Whoa: Nationals Reportedly Acquire Doug Fister from the Tigers – Considerable Implications Here (UPDATE)
This offseason is seriously going to be full of exciting trades, isn’t it?
According to Chris Cotillo, and later confirmed by Ken Rosenthal (does someone have a job offer lined up for Cotillo yet?), the Washington Nationals have picked up their front-end arm in the form of Doug Fister, coming over from the Detroit Tigers. The return is not yet known, but it’s going to be steep.
The Nationals have been in the market for a big-time arm for a while now, and the Tigers have been looking to trade an arm, but I don’t think anyone saw this particular trade coming. Fister, 29, is under control for two more seasons, and has been fantastic since coming to the Tigers back in 2011, by way of the Mariners (WAR the last three years: 5.2, 3.5, 4.6 – dude is legit). The Tigers were instead believed to be shopping Rick Porcello, or, to a lesser extent, Max Scherzer (who is a free agent after 2014).
The implications here are manyfold, and they mostly relate to Jeff Samardzija. First – and not related to Samardzija – the Nationals are out of the market for another arm, meaning they won’t be signing any free agent starters. Second – and related to Samardzija – the Nationals are out of the market for another arm, meaning they won’t be trading for Samardzija.
Getting to a more nuanced level, the impact to the Samardzija market is interesting here.

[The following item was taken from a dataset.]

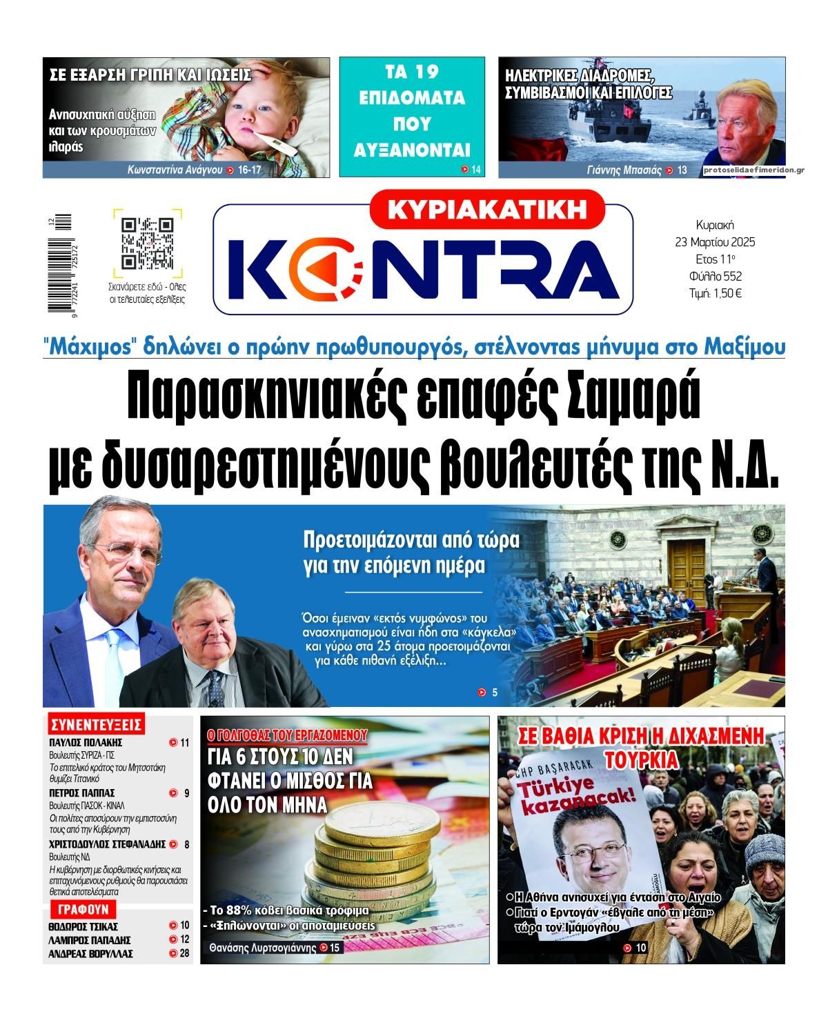 Οι πολιτικές εφημερίδες 23/3/2025 Γρηγόρης Αναγνώστου 05:45, Κυριακή 23 Μαρτίου 2025 Media Διαβάστε τα πρωτοσέλιδα από τις πολιτικές εφημερίδες, σήμερα 23/3/2025. ΕΦΗΜΕΡΙΔΕΣ ΠΟΛΙΤΙΚΕΣ ΕΦΗΜΕΡΙΔΕΣ ΠΡΩΤΟΣΕΛΙΔΑ Μοιράσου το: Κάρμεν Ρουγγέρη: Μετά την απώλεια του συζύγου μου, δεν φοβάμαι πια τον θάνατο Θεσσαλονίκη: Καβγάς μεταξύ γειτόνων – Τρεις γυναίκες νοσηλεύονται φρουρούμενες στο νοσοκομείο Εάν μια γυναίκα χρησιμοποιεί αυτές τις 7 φράσεις, πιθανότατα είναι βαθιά δυσαρεστημένη με τη ζωή της σχολίασε κι εσύ (0 σχόλια) Ακολουθήστε το enikos.gr στο Google News και μάθετε πρώτοι όλες τις ειδήσεις Δείτε όλες τις τελευταίες ειδήσεις από την Ελλάδα και τον Κόσμο στο enikos.gr Ειδήσεις Ροή Ειδήσεων 2 ώρες πριν Πόλεμος στην Ουκρανία: Γιατί η Ρωσία αναμένεται να απορρίψει το νέο ειρηνευτικό σχέδιο – Τα 2 σημεία που δεν κάνει πίσω ο Πούτιν 3 ώρες πριν Τροχαίο στην Ημαθία: Θρήνος για τον θάνατο του 22χρονου – Συγκλονίζουν οι εικόνες από το σημείο της τραγωδίας 5 ώρες πριν Έκρηξη σε υποκατάστημα τράπεζας στη Θεσσαλονίκη: Ερευνάται ο ακριβής στόχος της επίθεσης και αναζητείται βιντεοληπτικό υλικό – Τι αναφέρουν οι κάτοικοι 6 ώρες πριν Μητροπολίτης Κοζάνης: «Μαχαίρωσες έναν άνθρωπο και δεν τρέχει τίποτα, σκότωσες ένα σκυλί, 30.000 εκείνη την ώρα και μετά δικαστήριο – Εκεί κατάντησε η Ελλάδα» 4 ώρες πριν Φρικτός θάνατος για 2χρονη: Έπεσε σε ποτάμι και την κατασπάραξαν πιράνχας 15 λεπτά πριν Τα 5 ζώδια που θα δουν επιτέλους βελτίωση στα ερωτικά τους τον Ιανουάριο του 2026 – «Θα ζήσετε μία ουσιαστική και σταθερή αγάπη» 5 ώρες πριν Νιώθετε περισσότερη μοναξιά τα Χριστούγεννα; Η ψυχολογία αποκαλύπτει τα 7 χαρακτηριστικά που μάλλον διαθέτετε 4 ώρες πριν Γυναίκα που διαγνώστηκε με καρκίνο του παχέος εντέρου προειδοποιεί: «Αυτή είναι η πιο ύπουλη πτυχή της νόσου» 1 ώρα πριν Το μυστικό του Αϊνστάιν σε ένα μικροτσίπ: Ανακαλύφθηκε η κρυφή γεωμετρία που «δαμάζει» τα ηλεκτρόνια όπως η βαρύτητα 7 λεπτά πριν Οργή Πλακιά για την ευχετήρια κάρτα της Hellenic Train – «Αρρωστημένη συμπεριφορά» 15 λεπτά πριν Τα 5 ζώδια που θα δουν επιτέλους βελτίωση στα ερωτικά τους τον Ιανουάριο του 2026 – «Θα ζήσετε μία ουσιαστική και σταθερή αγάπη» 17 λεπτά πριν Ελεύθερος υπό όρους ο πρόεδρος της Φενερμπαχτσέ – «Δεν είμαι τέλειος αλλά δεν έχω διαπράξει έγκλημα» 25 λεπτά πριν Επιδόματα και παροχές από τον ΟΠΕΚΑ: Πότε θα γίνει η νέα πληρωμή 33 λεπτά πριν Τουρκία: Τι υποστηρίζει εμπειρογνώμονας σχετικά με τα αίτια του δυστυχήματος – Σαρώνουν την περιοχή στο σημείο της συντριβής του Falcon ENIKOS NETWORK 12 Χριστουγεννιάτικες υπερτροφές που πρέπει να συμπεριλάβετε στο γιορτινό τραπέζι – Είναι νόστιμες και θα σας χορτάσουν Οι επιστήμονες βρήκαν το μυστικό της μακροζωίας – Ποιοι μπορεί να ξεπεράσουν τα 100, σύμφωνα με μελέτη Κοινοί τραπεζικοί λογαριασμοί: Τα SOS που πρέπει να γνωρίζετε για να μην πληρώσετε έξτρα φόρο στην Εφορία Τέλη κυκλοφορίας 2026: Έως τις 31 Δεκεμβρίου η εξόφληση τους – Τα SOS της τελευταίας στιγμής που πρέπει να γνωρίζετε Ο Google Assistant θα παραμείνει λίγο περισσότερο για ορισμένους χρήστες Android Τεστ προσωπικότητας: Το βάζο που θα επιλέξετε αποκαλύπτει πώς λύνετε προβλήματα στη ζωή σας περισσότερα 14:14 , Πέμπτη 25 Δεκεμβρίου 2025 Την Κυριακή με τη Realnews: Ό,τι και αν αγοράσεις, σκανάρεις και κερδίζεις! Την Κυριακή με τη Realnews: Ό,τι και αν αγοράσεις, σκανάρεις και κερδίζεις! Με το PADU app, το... 11:58 , Πέμπτη 25 Δεκεμβρίου 2025 Ρεκόρ Γκίνες: Το White Christmas

On the one hand, the Cubs lose the Nationals as a possibility (if they’re looking to trade Samardzija, that is), and there was a plausible connection there. On the other hand, Porcello and Scherzer are now off of the market, meaning that the competition has decreased. I’m thinking this is a net positive for the Samardzija market.

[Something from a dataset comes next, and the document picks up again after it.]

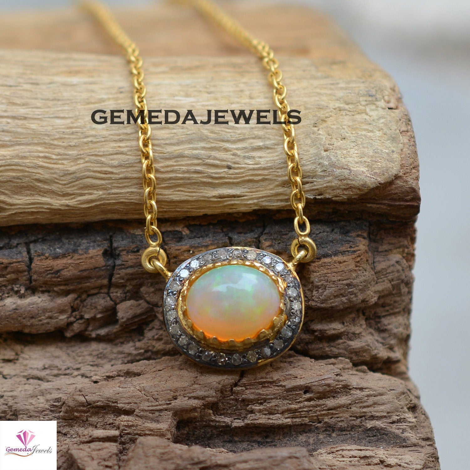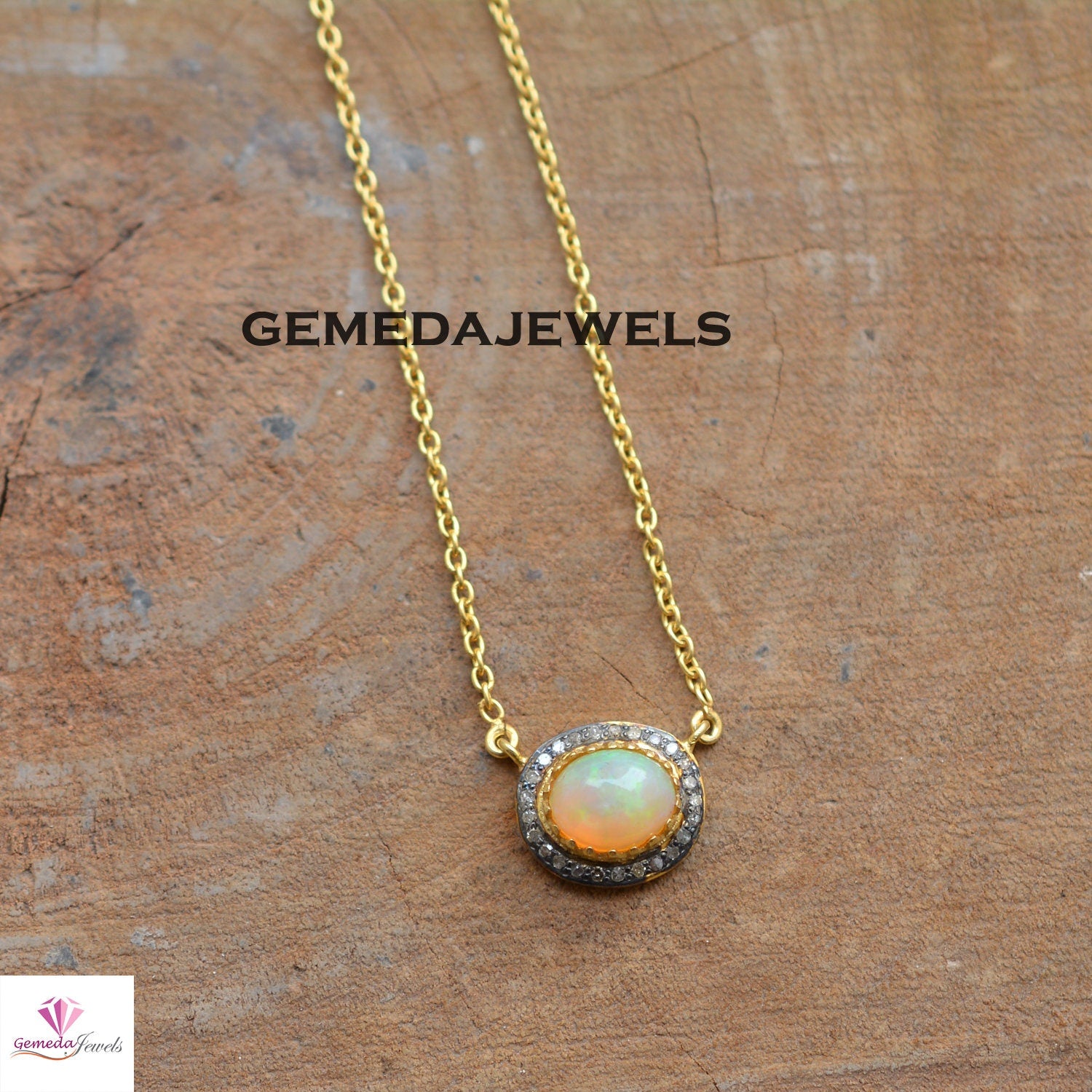 Genuine Opal Gemstone Charm Pendant, 925 Silver Pendant, Pave Diamond Jewelry, 14k Gold Plated 18" Link Chain Necklace, Gemstone Jewelry

Once we learn the return in the deal, the impact on a Samardzija trade could be even more significant here, given the parallels in Fister’s and Samardzija’s value (big righties with two years of control and great peripherals – though Samardzija is a year younger). So, I suppose when I said the return “is going to be steep,” I meant to say: “Let’s hope it’s steep.”
UPDATE (7:25pm): Early indications suggest an extremely, shockingly weak package. So I’m not even going to share them, because there’s no way the return is this small. *inserts fingers in ears, closes eyes*
UPDATE 2 (7:33pm): With the Nationals announcing the trade, I’ve got to open my eyes and unplug the ears. It’s Fister for meh utility infielder Steve Lombardozzi, decent young reliever Ian Krol, and organizational top ten pitching prospect Robbie Ray. That’s it. I am without speech. There should have been 28 – literally 28 – other teams lining up to blow that offer out of the water. Is there something wrong with Fister that we’re not aware of? If not, the expected return in any Samardzija deal just took a considerable dive. Fister is arguably better than Samardzija, and he just netted the Tigers a worse package than the Cubs got for two months of Matt Garza.
UPDATE 3 (8:44pm): This is going to vex my entire night. I’m trying to contextualize this package in Cubs terms. It’s not a perfect overlay, but something like Junior Lake, Justin Grimm, and Kyle Hendricks. That’s the range you’re looking at for that Nationals package, which got them two years of a cost-controlled starter who put up the 9th highest WAR total for starting pitchers *in all of baseball* over the past three years. I can’t recall a worse trade in recent memory. Here’s hoping that it’s so bad – and perceived by everyone to be so bad – that it has no impact on the trade value of Samardzija. Not because I want the Cubs to trade him, mind you. But I’d like them to have options that look a hell of a lot better than that Nats package.